■ Work required ■
Once the line containing "Item# 711213- 18" is found in the entries below, restate it and each following line word for word, stopping after the line containing "인천서구립소년소녀합창단이 오는 10월".

■ Task inputs ■
"""
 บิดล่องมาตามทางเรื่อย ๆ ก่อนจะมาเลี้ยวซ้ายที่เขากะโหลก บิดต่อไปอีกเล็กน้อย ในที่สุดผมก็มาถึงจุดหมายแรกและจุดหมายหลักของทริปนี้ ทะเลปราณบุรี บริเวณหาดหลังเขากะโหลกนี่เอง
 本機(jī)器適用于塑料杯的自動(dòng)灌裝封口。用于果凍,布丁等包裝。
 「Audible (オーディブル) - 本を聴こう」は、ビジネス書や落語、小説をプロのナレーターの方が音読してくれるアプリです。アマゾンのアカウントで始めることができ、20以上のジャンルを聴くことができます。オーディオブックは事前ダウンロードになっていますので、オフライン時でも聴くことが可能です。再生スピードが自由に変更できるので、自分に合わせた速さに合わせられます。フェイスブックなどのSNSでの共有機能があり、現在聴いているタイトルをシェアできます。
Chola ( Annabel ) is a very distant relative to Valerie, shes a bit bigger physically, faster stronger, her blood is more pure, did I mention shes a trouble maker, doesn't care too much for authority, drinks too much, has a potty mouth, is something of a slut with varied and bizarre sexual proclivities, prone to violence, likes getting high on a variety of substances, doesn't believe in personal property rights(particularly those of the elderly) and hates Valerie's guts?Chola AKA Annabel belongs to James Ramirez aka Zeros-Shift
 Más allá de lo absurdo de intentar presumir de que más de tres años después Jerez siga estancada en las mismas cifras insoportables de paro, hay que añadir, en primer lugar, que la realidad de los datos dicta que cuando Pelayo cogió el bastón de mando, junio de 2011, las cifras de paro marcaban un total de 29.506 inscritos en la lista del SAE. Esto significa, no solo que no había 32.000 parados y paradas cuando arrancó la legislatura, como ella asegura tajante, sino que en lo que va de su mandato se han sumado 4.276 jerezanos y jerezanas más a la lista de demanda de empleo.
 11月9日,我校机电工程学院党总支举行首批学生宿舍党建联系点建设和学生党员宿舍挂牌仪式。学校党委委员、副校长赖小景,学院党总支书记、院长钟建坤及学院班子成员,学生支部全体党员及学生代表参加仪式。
"""
"""
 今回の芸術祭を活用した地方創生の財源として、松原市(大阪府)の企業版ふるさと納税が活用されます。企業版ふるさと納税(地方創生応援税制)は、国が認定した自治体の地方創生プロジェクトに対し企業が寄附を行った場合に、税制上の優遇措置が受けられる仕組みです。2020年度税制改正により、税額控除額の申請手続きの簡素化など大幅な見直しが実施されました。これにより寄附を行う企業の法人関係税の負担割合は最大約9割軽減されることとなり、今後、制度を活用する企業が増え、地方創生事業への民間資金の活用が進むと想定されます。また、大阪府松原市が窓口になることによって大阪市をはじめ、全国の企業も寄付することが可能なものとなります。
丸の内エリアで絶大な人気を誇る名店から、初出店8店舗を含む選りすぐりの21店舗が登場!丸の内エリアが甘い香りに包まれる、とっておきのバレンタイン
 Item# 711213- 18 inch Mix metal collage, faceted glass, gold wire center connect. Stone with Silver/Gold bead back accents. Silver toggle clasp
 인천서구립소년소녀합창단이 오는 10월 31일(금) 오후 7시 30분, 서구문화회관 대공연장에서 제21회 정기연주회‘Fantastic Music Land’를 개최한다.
"""
"""
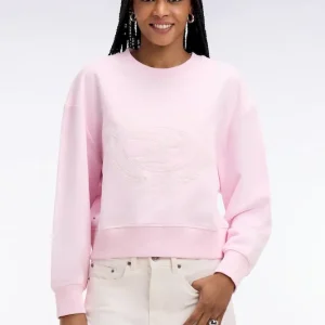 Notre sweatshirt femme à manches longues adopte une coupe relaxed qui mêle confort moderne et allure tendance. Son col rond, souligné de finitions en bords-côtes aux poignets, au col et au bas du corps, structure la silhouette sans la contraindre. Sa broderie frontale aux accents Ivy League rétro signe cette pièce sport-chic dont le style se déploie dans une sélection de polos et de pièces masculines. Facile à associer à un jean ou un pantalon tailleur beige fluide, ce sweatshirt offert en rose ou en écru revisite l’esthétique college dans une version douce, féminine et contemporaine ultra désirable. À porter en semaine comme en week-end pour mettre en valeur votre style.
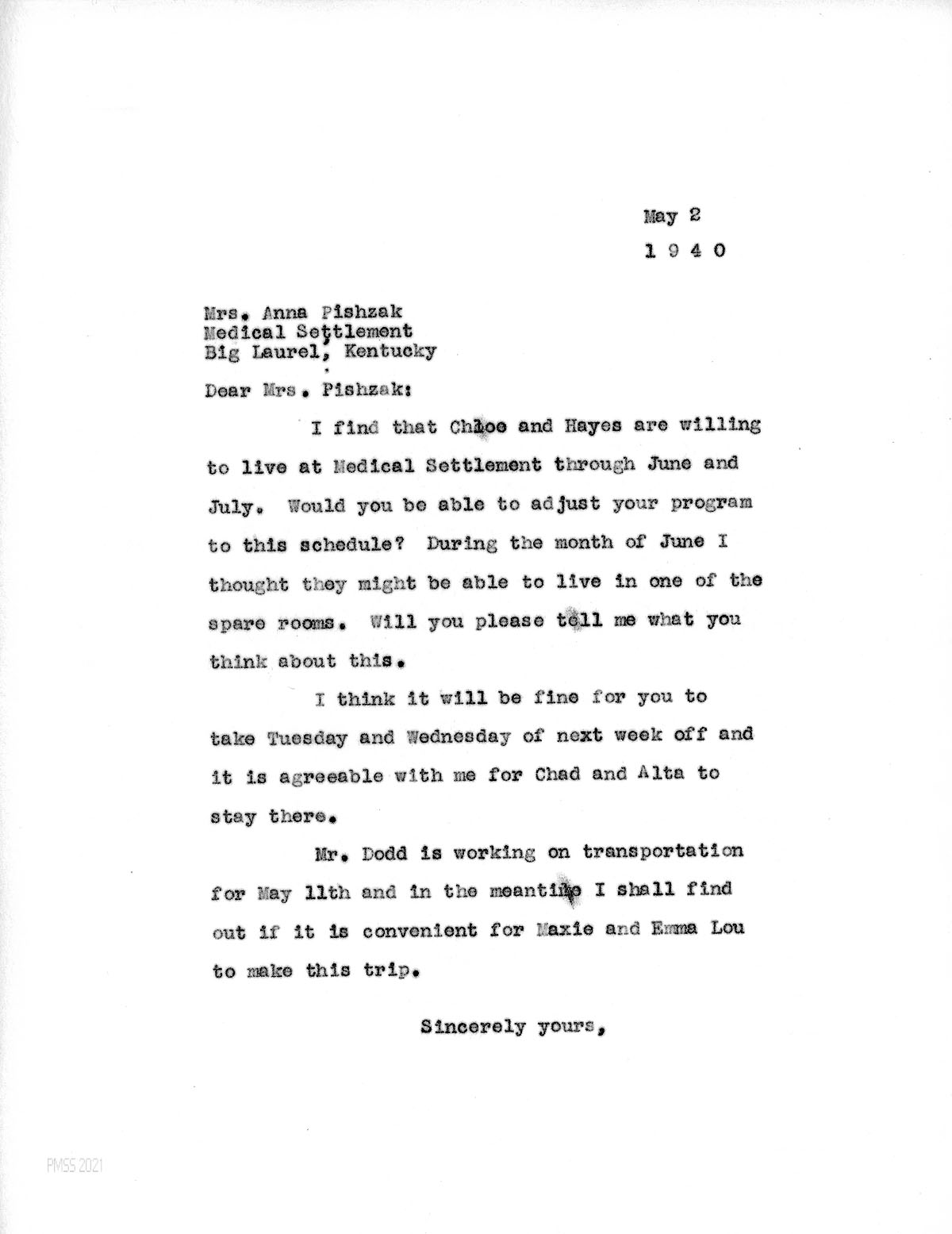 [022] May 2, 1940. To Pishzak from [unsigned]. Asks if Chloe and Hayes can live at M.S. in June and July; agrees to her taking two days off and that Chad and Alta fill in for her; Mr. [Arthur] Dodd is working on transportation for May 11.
"""
■ Answer for this exercise ■
 Item# 711213- 18 inch Mix metal collage, faceted glass, gold wire center connect. Stone with Silver/Gold bead back accents. Silver toggle clasp
 인천서구립소년소녀합창단이 오는 10월 31일(금) 오후 7시 30분, 서구문화회관 대공연장에서 제21회 정기연주회‘Fantastic Music Land’를 개최한다.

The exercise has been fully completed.